──────── Provided data
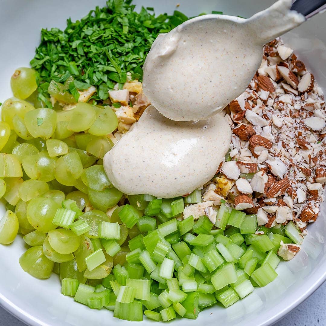 This chicken salad stays great in the fridge for about a day or so, best enjoyed within 24 hours.
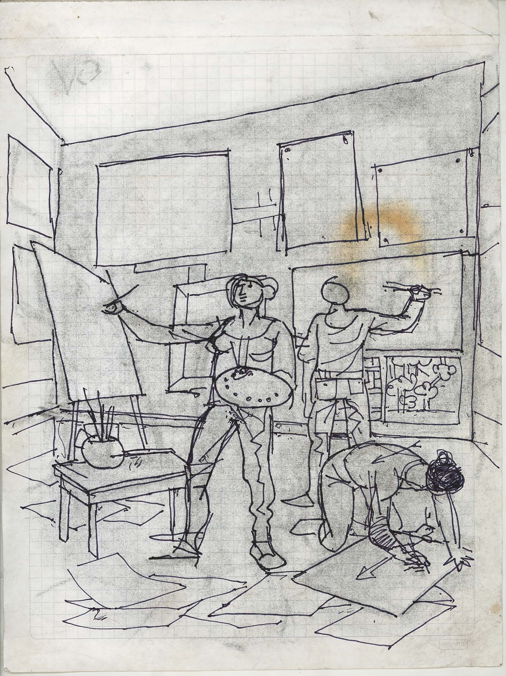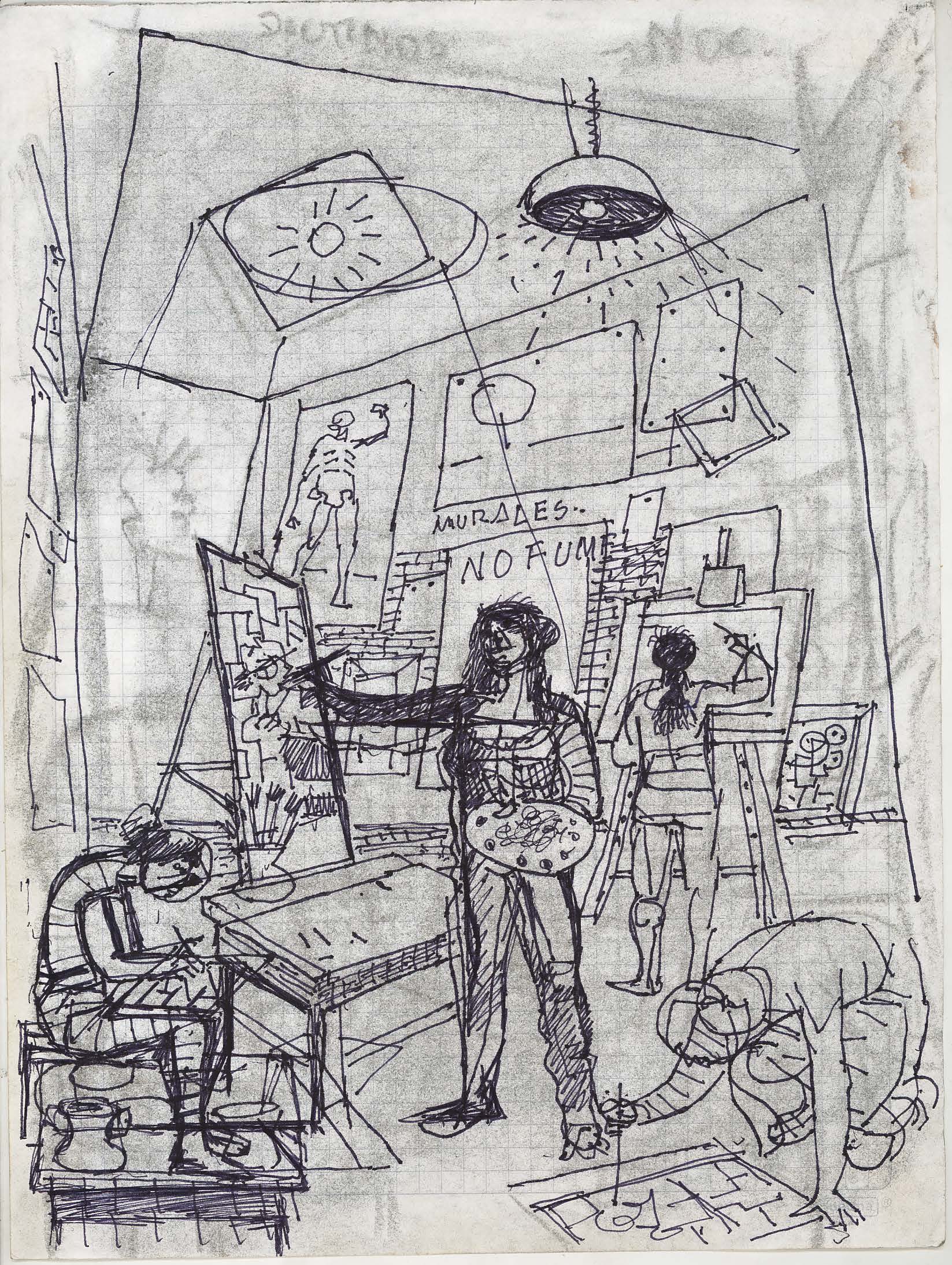 Podemos ver lo que pintaba y dibujaba, claro, aunque también hay ejemplos más mundanos de su paso por este planeta. Hay una fórmula médica que ordena tersamente unos exámenes; fotos de alguna fiesta con niños y otra con sus amigos; fotos del maestro cruzado de brazos frente a un cuadro colorido o del pintor en acción, enfrentándose dramáticamente a un lienzo frente a unos cerros orientales oscuros y despelucados, sin domesticar aún.
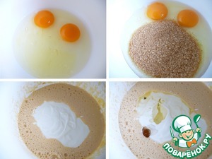 Яйца взбить с сахаром до пышного состояния.
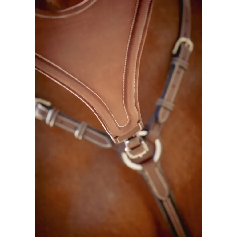 La flèche de martingale Bip plain élastique des Collections Pénélope est idéale pour canaliser certains chevaux. Elle permet de les garder dans un couloir de rênes ou de limiter les ports de tête trop hauts. Elle s’adapte facilement à tout type de collier de chasse et plus particulièrement à notre Martin-collier. Elle est composée d’une partie pleine en cuir de couleur noisette. Au niveau des anneaux, un lien élastique passe de chaque côté de la partie pleine et assure un confort dans le contact avec le cheval. Elle s’attache à un collier de chasse ou à notre Martin-collier grâce à une boucle réglable.
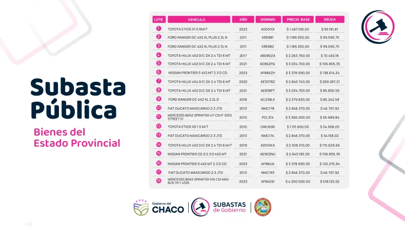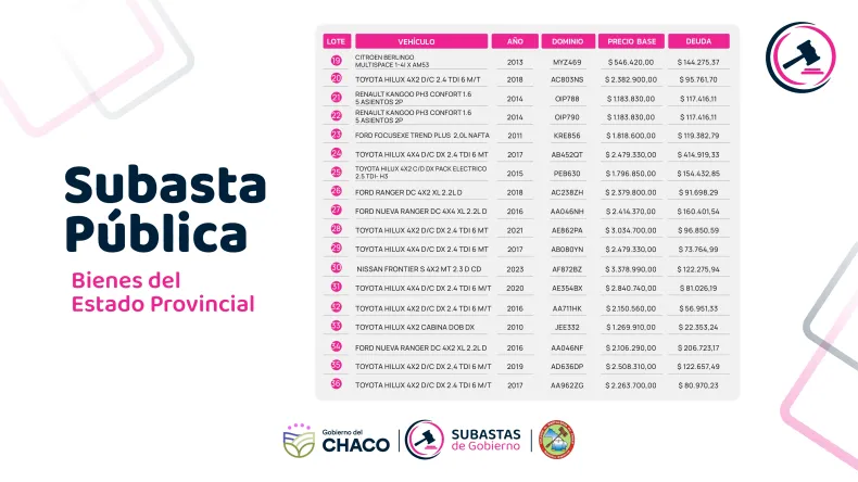 El Gobierno realizará el lunes 30 de marzo la sexta subasta provincial de bienes en desuso, donde se pondrán a la venta 36 vehículos pertenecientes al Estado provincial. El remate se llevará a cabo en el CEF N°1 "Miguel Ángel Campos" de Resistencia, con acreditación desde las 8 de la mañana.
────────────────
◆ What needs to be done:
All of the entries above should be copied exactly, except for the pictures.

◆ Your solution:
 This chicken salad stays great in the fridge for about a day or so, best enjoyed within 24 hours.
 Podemos ver lo que pintaba y dibujaba, claro, aunque también hay ejemplos más mundanos de su paso por este planeta. Hay una fórmula médica que ordena tersamente unos exámenes; fotos de alguna fiesta con niños y otra con sus amigos; fotos del maestro cruzado de brazos frente a un cuadro colorido o del pintor en acción, enfrentándose dramáticamente a un lienzo frente a unos cerros orientales oscuros y despelucados, sin domesticar aún.
 Яйца взбить с сахаром до пышного состояния.
 La flèche de martingale Bip plain élastique des Collections Pénélope est idéale pour canaliser certains chevaux. Elle permet de les garder dans un couloir de rênes ou de limiter les ports de tête trop hauts. Elle s’adapte facilement à tout type de collier de chasse et plus particulièrement à notre Martin-collier. Elle est composée d’une partie pleine en cuir de couleur noisette. Au niveau des anneaux, un lien élastique passe de chaque côté de la partie pleine et assure un confort dans le contact avec le cheval. Elle s’attache à un collier de chasse ou à notre Martin-collier grâce à une boucle réglable.
 El Gobierno realizará el lunes 30 de marzo la sexta subasta provincial de bienes en desuso, donde se pondrán a la venta 36 vehículos pertenecientes al Estado provincial. El remate se llevará a cabo en el CEF N°1 "Miguel Ángel Campos" de Resistencia, con acreditación desde las 8 de la mañana.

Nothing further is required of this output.